* _Task_
Return all of the lines below exactly as they are.

[Records provided Boundary: Start]

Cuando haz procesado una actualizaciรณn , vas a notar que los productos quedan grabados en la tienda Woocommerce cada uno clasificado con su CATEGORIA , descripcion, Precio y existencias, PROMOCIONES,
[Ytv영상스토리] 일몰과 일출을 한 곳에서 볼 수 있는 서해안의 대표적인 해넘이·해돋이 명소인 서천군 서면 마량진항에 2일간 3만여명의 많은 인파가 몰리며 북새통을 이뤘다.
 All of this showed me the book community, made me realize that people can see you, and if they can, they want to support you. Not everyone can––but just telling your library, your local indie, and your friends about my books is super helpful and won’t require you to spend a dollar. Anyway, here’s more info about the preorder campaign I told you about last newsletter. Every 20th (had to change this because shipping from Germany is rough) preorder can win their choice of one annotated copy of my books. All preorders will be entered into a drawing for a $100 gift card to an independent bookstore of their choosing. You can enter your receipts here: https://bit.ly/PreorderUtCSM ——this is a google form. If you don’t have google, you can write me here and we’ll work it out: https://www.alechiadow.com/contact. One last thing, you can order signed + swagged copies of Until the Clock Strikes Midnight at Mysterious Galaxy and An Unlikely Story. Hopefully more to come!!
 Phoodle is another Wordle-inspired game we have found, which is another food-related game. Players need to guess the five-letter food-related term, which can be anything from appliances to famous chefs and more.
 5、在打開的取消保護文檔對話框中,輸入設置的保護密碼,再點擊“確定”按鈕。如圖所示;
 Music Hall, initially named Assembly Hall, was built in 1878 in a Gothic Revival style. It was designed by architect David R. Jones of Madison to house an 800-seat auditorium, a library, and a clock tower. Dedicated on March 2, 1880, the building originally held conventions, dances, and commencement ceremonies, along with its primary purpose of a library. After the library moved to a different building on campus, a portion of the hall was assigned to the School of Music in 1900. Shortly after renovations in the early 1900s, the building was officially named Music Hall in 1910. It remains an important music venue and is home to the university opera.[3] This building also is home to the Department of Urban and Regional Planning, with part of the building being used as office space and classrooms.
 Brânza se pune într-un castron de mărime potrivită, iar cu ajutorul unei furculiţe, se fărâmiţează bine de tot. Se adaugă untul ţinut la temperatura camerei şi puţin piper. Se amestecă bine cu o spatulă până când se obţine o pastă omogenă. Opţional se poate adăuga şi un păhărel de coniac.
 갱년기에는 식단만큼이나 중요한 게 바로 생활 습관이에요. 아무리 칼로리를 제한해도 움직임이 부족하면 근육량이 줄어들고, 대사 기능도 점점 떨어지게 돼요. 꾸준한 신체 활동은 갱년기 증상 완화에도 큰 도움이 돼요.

[Records provided Boundary: End]

* _Response_
Cuando haz procesado una actualizaciรณn , vas a notar que los productos quedan grabados en la tienda Woocommerce cada uno clasificado con su CATEGORIA , descripcion, Precio y existencias, PROMOCIONES,
[Ytv영상스토리] 일몰과 일출을 한 곳에서 볼 수 있는 서해안의 대표적인 해넘이·해돋이 명소인 서천군 서면 마량진항에 2일간 3만여명의 많은 인파가 몰리며 북새통을 이뤘다.
 All of this showed me the book community, made me realize that people can see you, and if they can, they want to support you. Not everyone can––but just telling your library, your local indie, and your friends about my books is super helpful and won’t require you to spend a dollar. Anyway, here’s more info about the preorder campaign I told you about last newsletter. Every 20th (had to change this because shipping from Germany is rough) preorder can win their choice of one annotated copy of my books. All preorders will be entered into a drawing for a $100 gift card to an independent bookstore of their choosing. You can enter your receipts here: https://bit.ly/PreorderUtCSM ——this is a google form. If you don’t have google, you can write me here and we’ll work it out: https://www.alechiadow.com/contact. One last thing, you can order signed + swagged copies of Until the Clock Strikes Midnight at Mysterious Galaxy and An Unlikely Story. Hopefully more to come!!
 Phoodle is another Wordle-inspired game we have found, which is another food-related game. Players need to guess the five-letter food-related term, which can be anything from appliances to famous chefs and more.
 5、在打開的取消保護文檔對話框中,輸入設置的保護密碼,再點擊“確定”按鈕。如圖所示;
 Music Hall, initially named Assembly Hall, was built in 1878 in a Gothic Revival style. It was designed by architect David R. Jones of Madison to house an 800-seat auditorium, a library, and a clock tower. Dedicated on March 2, 1880, the building originally held conventions, dances, and commencement ceremonies, along with its primary purpose of a library. After the library moved to a different building on campus, a portion of the hall was assigned to the School of Music in 1900. Shortly after renovations in the early 1900s, the building was officially named Music Hall in 1910. It remains an important music venue and is home to the university opera.[3] This building also is home to the Department of Urban and Regional Planning, with part of the building being used as office space and classrooms.
 Brânza se pune într-un castron de mărime potrivită, iar cu ajutorul unei furculiţe, se fărâmiţează bine de tot. Se adaugă untul ţinut la temperatura camerei şi puţin piper. Se amestecă bine cu o spatulă până când se obţine o pastă omogenă. Opţional se poate adăuga şi un păhărel de coniac.
 갱년기에는 식단만큼이나 중요한 게 바로 생활 습관이에요. 아무리 칼로리를 제한해도 움직임이 부족하면 근육량이 줄어들고, 대사 기능도 점점 떨어지게 돼요. 꾸준한 신체 활동은 갱년기 증상 완화에도 큰 도움이 돼요.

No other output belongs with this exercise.